Finalmente, peticionaram os autores/apelantes ainda que o réu fosse condenado a pagar-lhes/indemnizá-los de todos os prejuízos que lhes advieram e advierem da actuação do réu.
Como se sabe a definição de servidão predial resulta do art.º 1543.º do C.Civil, segundo o qual: “Servidão predial é o encargo imposto num prédio em proveito exclusivo de outro pertencente a dono diferente; diz-se serviente o prédio sujeito à servidão e dominante o que dela beneficia”.
Doutrinariamente decorre desta definição que o encargo que caracteriza a servidão constitui uma restrição ou limitação ao direito de propriedade sobre o gozo do prédio serviente, inibindo o seu proprietário de praticar os actos que possam prejudicar o exercício da servidão e que esta beneficia outro prédio que deve pertencer a dono diferente.
Segundo o que preceitua o art.º 1544.º do C.Civil: “Podem ser objecto de servidão quaisquer utilidades, ainda que futuras ou eventuais, susceptíveis de ser gozadas por intermédio do prédio dominante, mesmo que não aumentem o seu valor”.
Sendo que a utilidade proporcionada pela servidão, que também pode ser futura ou eventual, normalmente, aumenta o valor económico do prédio dominante.

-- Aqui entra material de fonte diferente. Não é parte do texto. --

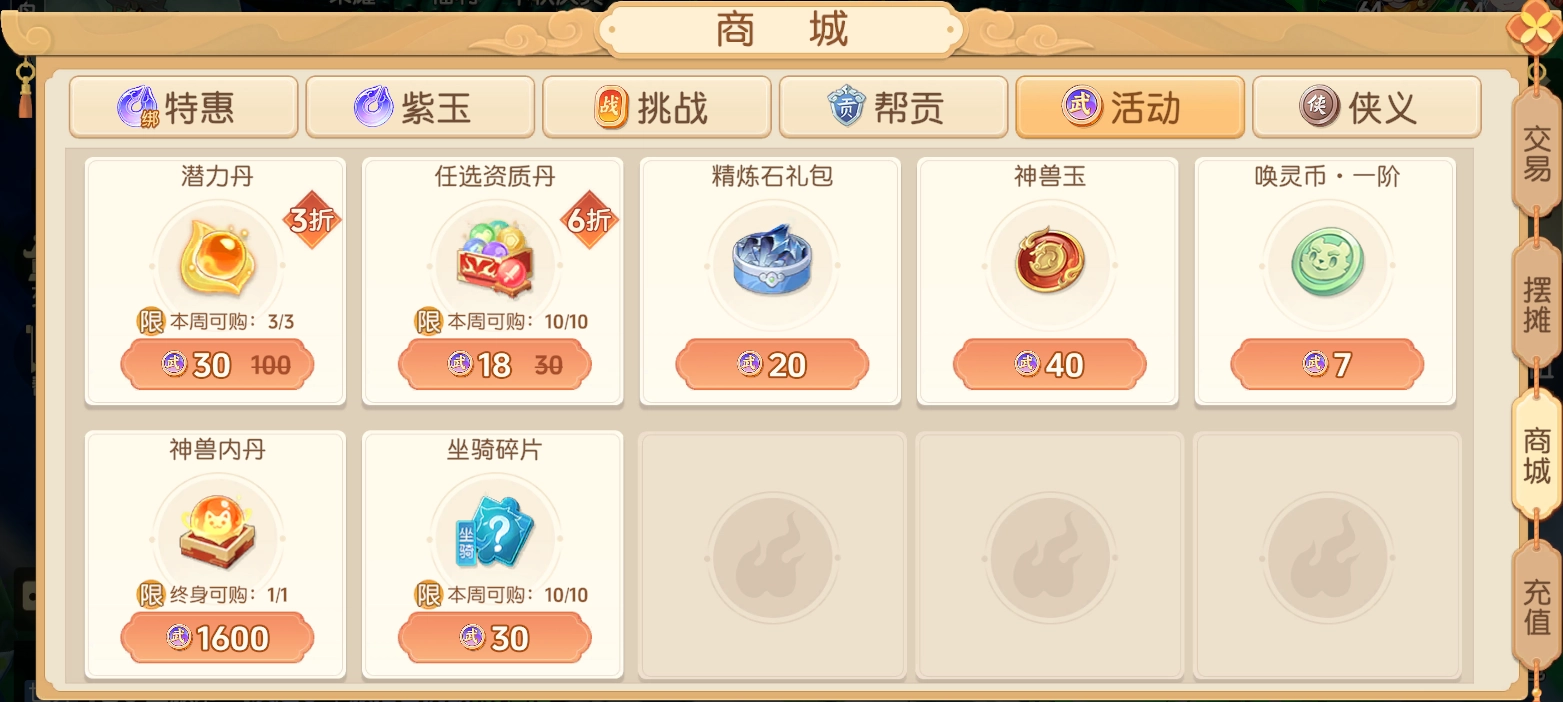 在游戏商城中,除了特惠商城与紫玉商城,还有形形色色的积分商城。于积分商城里,能够兑换各类道具,助力我们提升战力。活动积分主要涵盖以下4种,即挑战积分、帮贡、活动积分以及侠义积分。接下来,为大家分享《离火之境》各类积分的获取途径与小技巧!

No entanto, não é indispensável que esta mais-valia se verifique, bastando que daquela decorram comodidades para o prédio dominante e que a mesma incida sobre um prédio em benefício de outro.
Da lei não decorrem tipificadas as faculdades atribuíveis através do direito de servidão no uso de utilidades do prédio serviente, pelo que é possível falar-se numa atipicidade do conteúdo da servidão.
As servidões constituem-se por diversas formas, como resulta do disposto nos art.ºs 1547.º a 1549.º, do C.Civil. E uma das formas de constituição de uma servidão é por usucapião, cfr. art.º 1547.º, n.º 1, do C.Civil, sendo, para tanto, necessário que exista e se reconheça uma situação possessória correspondente ao exercício de um direito de servidão por um determinado período de tempo, art.º 1287.º do C.Civil.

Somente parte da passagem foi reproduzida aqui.